ASSIGNMENT
Copy nothing but the lines below, from the one with "В новой версии" through the one with "10/2023 sports yoga", exactly as written; no pictures should appear.

Dataset items:

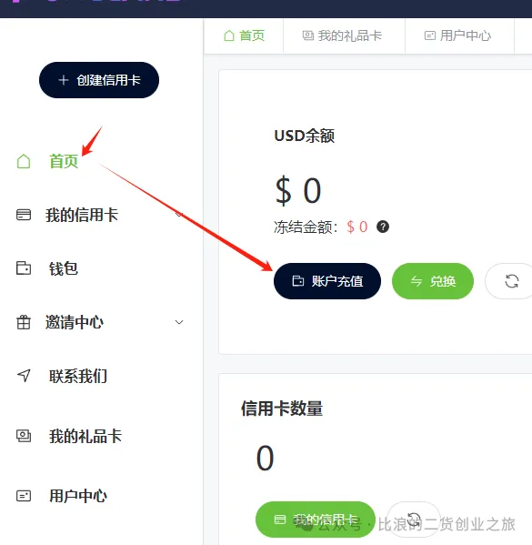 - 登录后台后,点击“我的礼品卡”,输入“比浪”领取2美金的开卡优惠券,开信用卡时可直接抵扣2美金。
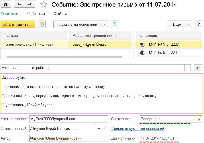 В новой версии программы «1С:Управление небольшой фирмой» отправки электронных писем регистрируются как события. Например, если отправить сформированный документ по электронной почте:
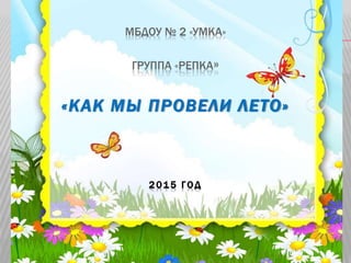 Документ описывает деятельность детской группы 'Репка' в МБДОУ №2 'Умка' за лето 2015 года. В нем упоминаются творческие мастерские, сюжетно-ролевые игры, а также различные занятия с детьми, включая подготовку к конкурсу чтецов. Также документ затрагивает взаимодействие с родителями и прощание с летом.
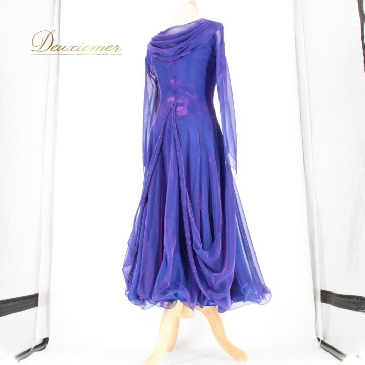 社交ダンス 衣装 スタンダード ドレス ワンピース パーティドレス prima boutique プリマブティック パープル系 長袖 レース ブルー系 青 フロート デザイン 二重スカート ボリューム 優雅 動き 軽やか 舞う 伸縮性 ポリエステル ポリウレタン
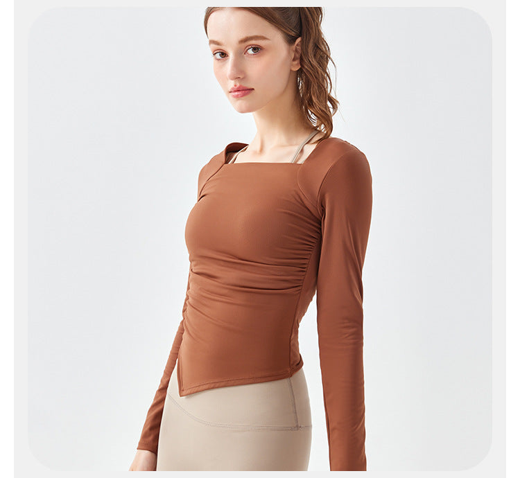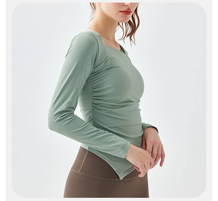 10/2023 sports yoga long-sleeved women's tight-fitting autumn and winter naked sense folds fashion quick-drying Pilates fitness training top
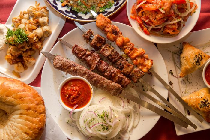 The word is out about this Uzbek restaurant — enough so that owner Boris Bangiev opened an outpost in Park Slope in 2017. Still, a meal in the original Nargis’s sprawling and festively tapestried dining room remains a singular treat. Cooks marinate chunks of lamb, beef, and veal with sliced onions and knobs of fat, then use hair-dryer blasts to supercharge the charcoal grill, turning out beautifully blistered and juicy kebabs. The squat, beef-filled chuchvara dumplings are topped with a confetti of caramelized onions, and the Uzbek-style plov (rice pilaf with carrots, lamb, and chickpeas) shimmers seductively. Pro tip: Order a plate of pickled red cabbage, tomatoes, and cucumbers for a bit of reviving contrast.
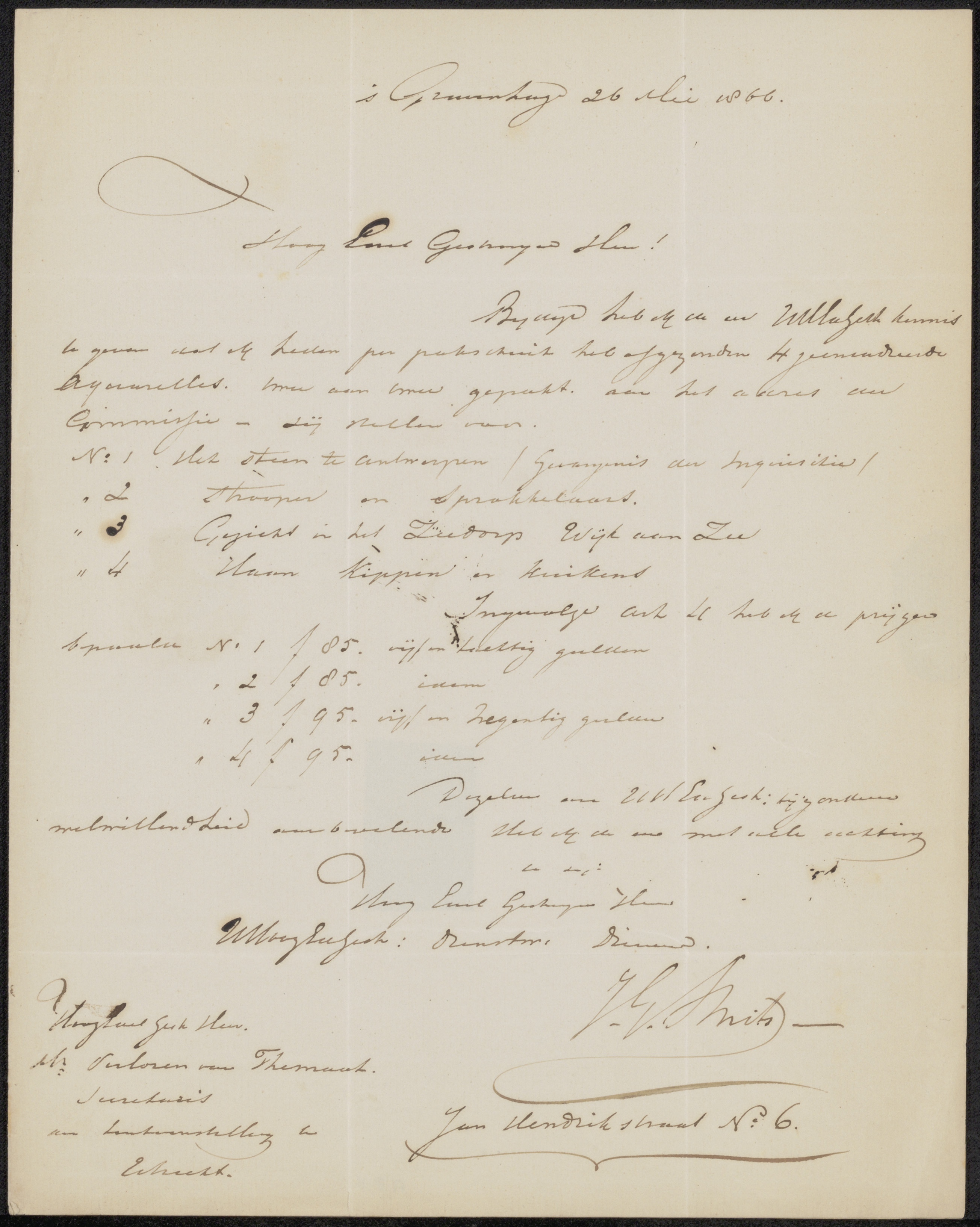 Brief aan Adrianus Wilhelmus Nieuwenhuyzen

YOUR SOLUTION
 В новой версии программы «1С:Управление небольшой фирмой» отправки электронных писем регистрируются как события. Например, если отправить сформированный документ по электронной почте:
 Документ описывает деятельность детской группы 'Репка' в МБДОУ №2 'Умка' за лето 2015 года. В нем упоминаются творческие мастерские, сюжетно-ролевые игры, а также различные занятия с детьми, включая подготовку к конкурсу чтецов. Также документ затрагивает взаимодействие с родителями и прощание с летом.
 社交ダンス 衣装 スタンダード ドレス ワンピース パーティドレス prima boutique プリマブティック パープル系 長袖 レース ブルー系 青 フロート デザイン 二重スカート ボリューム 優雅 動き 軽やか 舞う 伸縮性 ポリエステル ポリウレタン
 10/2023 sports yoga long-sleeved women's tight-fitting autumn and winter naked sense folds fashion quick-drying Pilates fitness training top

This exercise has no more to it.